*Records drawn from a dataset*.
[Start of Attachment]

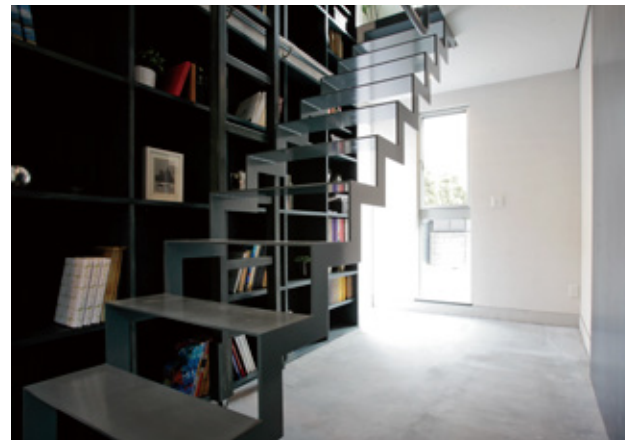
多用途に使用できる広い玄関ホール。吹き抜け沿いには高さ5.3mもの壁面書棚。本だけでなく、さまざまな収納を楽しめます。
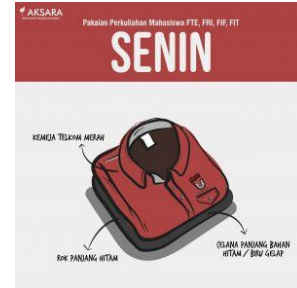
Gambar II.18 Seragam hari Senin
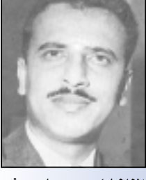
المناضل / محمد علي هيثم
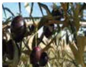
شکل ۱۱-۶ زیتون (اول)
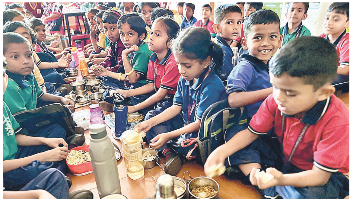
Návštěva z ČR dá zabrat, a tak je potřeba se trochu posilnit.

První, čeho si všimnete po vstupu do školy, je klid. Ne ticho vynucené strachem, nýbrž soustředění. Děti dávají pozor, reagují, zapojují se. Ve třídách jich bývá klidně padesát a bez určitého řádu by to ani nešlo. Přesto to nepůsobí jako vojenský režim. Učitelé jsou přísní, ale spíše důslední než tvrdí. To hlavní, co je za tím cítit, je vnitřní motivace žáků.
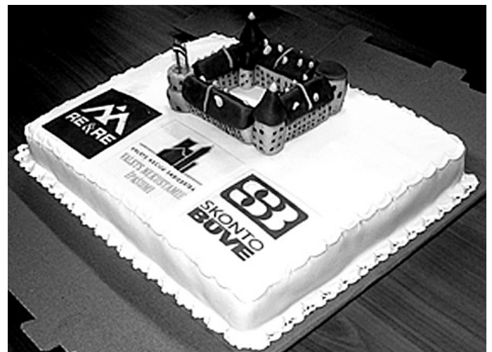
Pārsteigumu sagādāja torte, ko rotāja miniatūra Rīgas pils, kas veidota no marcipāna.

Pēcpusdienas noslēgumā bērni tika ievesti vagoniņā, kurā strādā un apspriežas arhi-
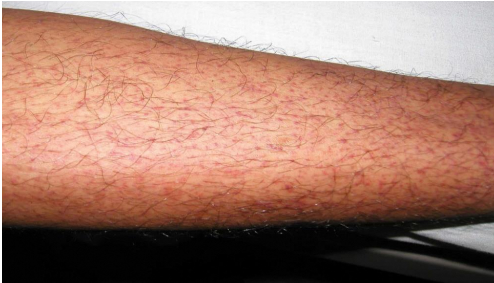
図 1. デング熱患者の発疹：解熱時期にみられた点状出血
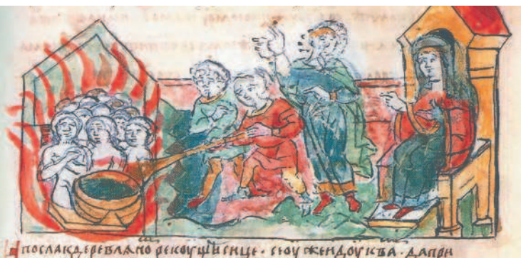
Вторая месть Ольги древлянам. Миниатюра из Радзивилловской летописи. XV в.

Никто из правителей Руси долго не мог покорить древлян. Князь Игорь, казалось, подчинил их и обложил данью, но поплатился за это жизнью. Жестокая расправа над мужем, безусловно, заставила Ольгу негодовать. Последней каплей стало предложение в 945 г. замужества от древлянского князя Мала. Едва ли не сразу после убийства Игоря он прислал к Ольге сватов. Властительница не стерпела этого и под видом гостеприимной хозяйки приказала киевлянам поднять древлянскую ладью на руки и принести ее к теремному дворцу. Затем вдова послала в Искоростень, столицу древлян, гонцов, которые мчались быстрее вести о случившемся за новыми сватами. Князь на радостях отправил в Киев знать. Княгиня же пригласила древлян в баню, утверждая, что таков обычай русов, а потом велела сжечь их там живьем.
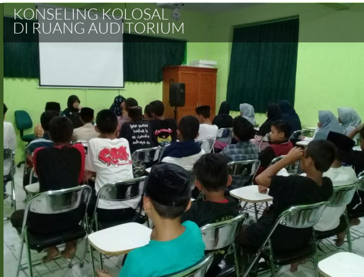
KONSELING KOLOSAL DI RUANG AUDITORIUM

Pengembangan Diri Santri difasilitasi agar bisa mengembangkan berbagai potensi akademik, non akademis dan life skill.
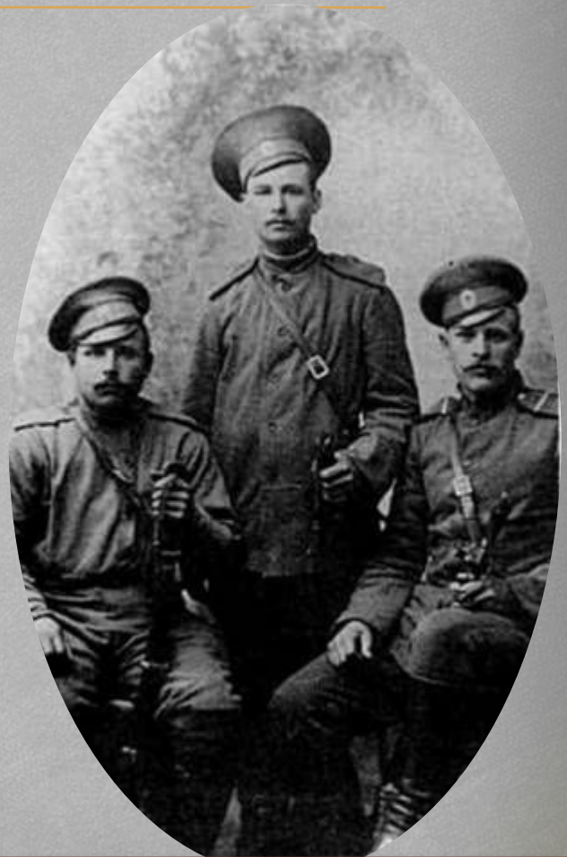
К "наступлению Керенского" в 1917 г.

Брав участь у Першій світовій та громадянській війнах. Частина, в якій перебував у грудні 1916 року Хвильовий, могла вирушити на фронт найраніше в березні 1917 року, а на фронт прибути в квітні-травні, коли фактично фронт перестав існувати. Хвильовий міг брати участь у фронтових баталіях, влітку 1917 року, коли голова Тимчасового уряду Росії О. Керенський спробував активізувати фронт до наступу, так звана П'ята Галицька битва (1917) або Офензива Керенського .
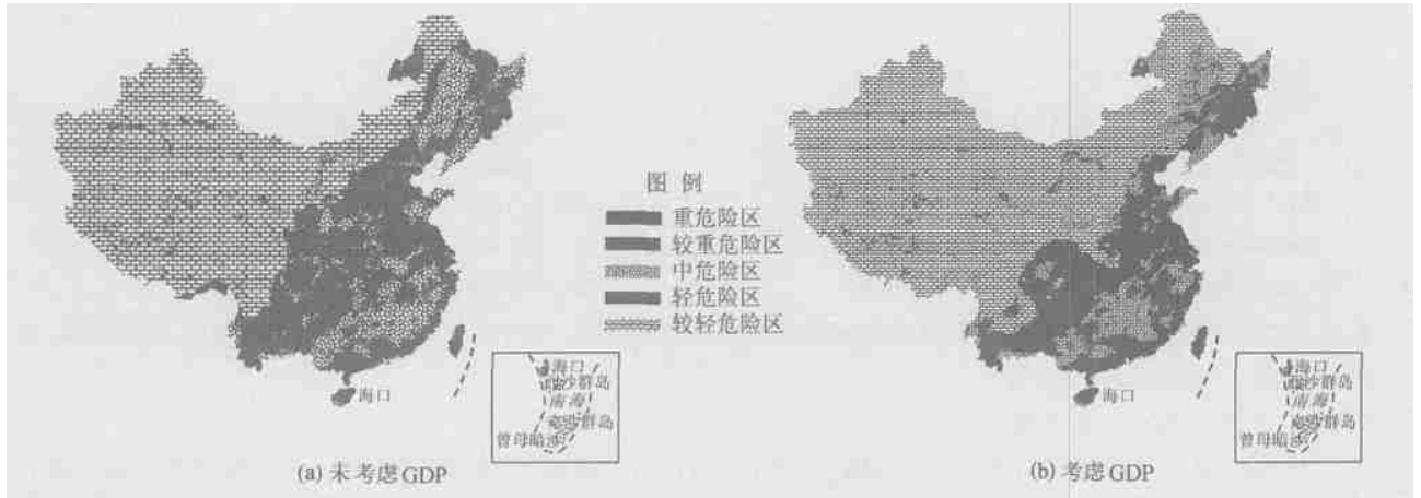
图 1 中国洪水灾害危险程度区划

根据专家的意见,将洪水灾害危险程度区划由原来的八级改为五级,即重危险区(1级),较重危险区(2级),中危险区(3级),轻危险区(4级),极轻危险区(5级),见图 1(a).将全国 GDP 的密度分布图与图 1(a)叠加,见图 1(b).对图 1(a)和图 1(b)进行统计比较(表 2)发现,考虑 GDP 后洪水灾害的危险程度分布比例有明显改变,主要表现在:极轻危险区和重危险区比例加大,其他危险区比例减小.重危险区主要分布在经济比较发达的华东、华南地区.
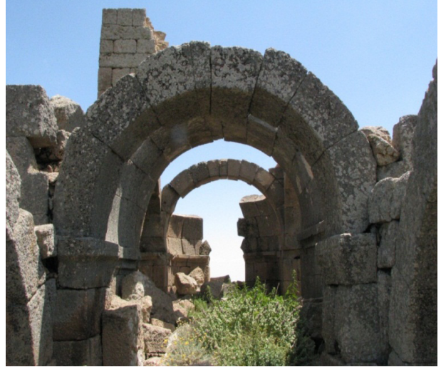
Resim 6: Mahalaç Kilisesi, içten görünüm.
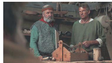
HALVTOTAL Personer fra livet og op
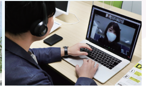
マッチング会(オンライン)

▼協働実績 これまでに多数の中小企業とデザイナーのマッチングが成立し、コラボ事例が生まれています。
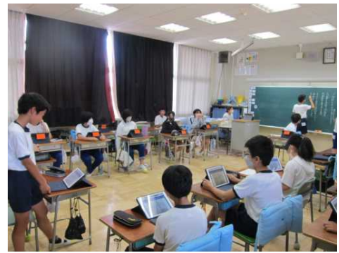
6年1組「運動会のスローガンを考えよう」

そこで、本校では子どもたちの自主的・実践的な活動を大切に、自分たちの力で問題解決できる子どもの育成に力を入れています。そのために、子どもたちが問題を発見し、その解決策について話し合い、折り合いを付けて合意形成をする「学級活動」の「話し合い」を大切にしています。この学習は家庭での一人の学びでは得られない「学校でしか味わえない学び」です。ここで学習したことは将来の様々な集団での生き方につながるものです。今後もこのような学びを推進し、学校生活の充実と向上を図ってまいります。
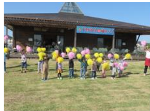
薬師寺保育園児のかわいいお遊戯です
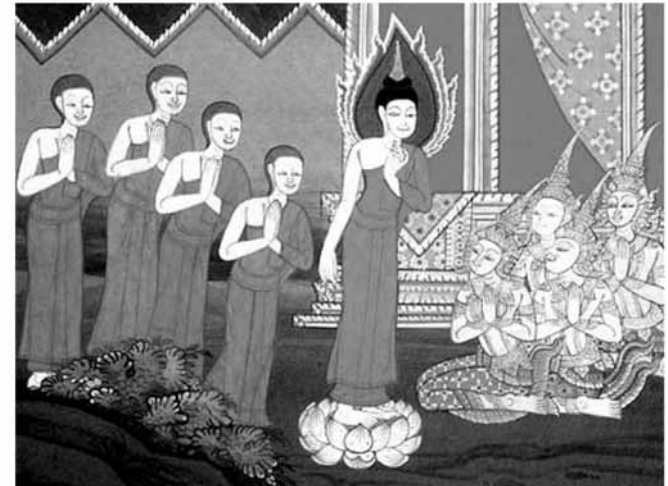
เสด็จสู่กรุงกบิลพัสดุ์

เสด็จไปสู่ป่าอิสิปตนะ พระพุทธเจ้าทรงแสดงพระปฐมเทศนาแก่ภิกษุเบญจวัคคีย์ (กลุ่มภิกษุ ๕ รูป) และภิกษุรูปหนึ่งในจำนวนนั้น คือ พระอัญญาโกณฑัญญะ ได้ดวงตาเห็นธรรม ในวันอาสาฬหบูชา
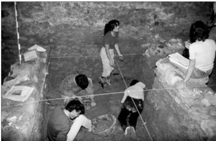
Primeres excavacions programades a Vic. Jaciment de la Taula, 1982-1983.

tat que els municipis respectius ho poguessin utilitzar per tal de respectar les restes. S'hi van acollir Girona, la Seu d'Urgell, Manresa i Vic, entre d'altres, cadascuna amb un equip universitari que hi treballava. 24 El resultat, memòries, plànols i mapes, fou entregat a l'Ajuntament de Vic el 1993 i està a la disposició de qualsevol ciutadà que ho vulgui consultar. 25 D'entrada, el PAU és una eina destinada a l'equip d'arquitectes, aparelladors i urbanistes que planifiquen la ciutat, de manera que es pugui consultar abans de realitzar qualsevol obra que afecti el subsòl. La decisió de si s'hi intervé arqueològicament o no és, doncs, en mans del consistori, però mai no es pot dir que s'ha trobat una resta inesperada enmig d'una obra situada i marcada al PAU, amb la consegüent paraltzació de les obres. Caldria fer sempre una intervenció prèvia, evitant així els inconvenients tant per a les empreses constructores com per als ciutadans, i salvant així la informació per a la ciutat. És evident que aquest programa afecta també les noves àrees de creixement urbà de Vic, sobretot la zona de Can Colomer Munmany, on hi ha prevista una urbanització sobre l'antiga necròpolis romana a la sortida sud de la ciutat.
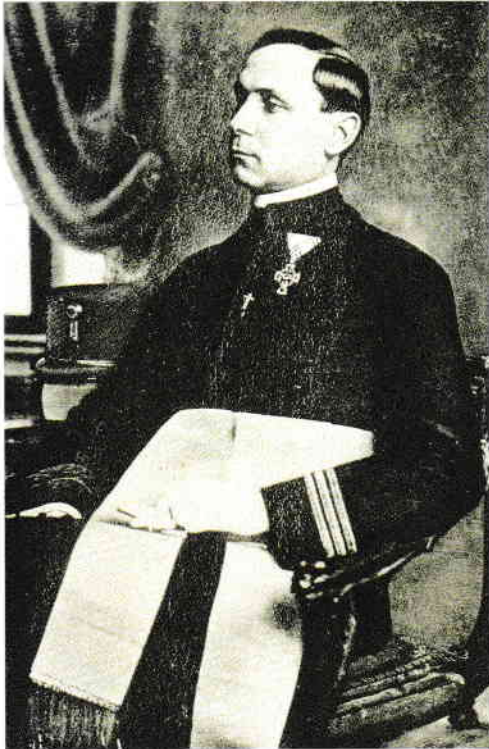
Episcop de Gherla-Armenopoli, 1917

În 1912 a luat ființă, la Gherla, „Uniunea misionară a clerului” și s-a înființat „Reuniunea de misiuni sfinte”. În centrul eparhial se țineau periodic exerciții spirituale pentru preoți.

[End of Attachment]

*HOW TO COMPLETE THIS TASK*.
Wherever a line in the data above contains the word "Gherla", copy that line.

*TASK SOLUTION*.
Episcop de Gherla-Armenopoli, 1917
În 1912 a luat ființă, la Gherla, „Uniunea misionară a clerului” și s-a înființat „Reuniunea de misiuni sfinte”. În centrul eparhial se țineau periodic exerciții spirituale pentru preoți.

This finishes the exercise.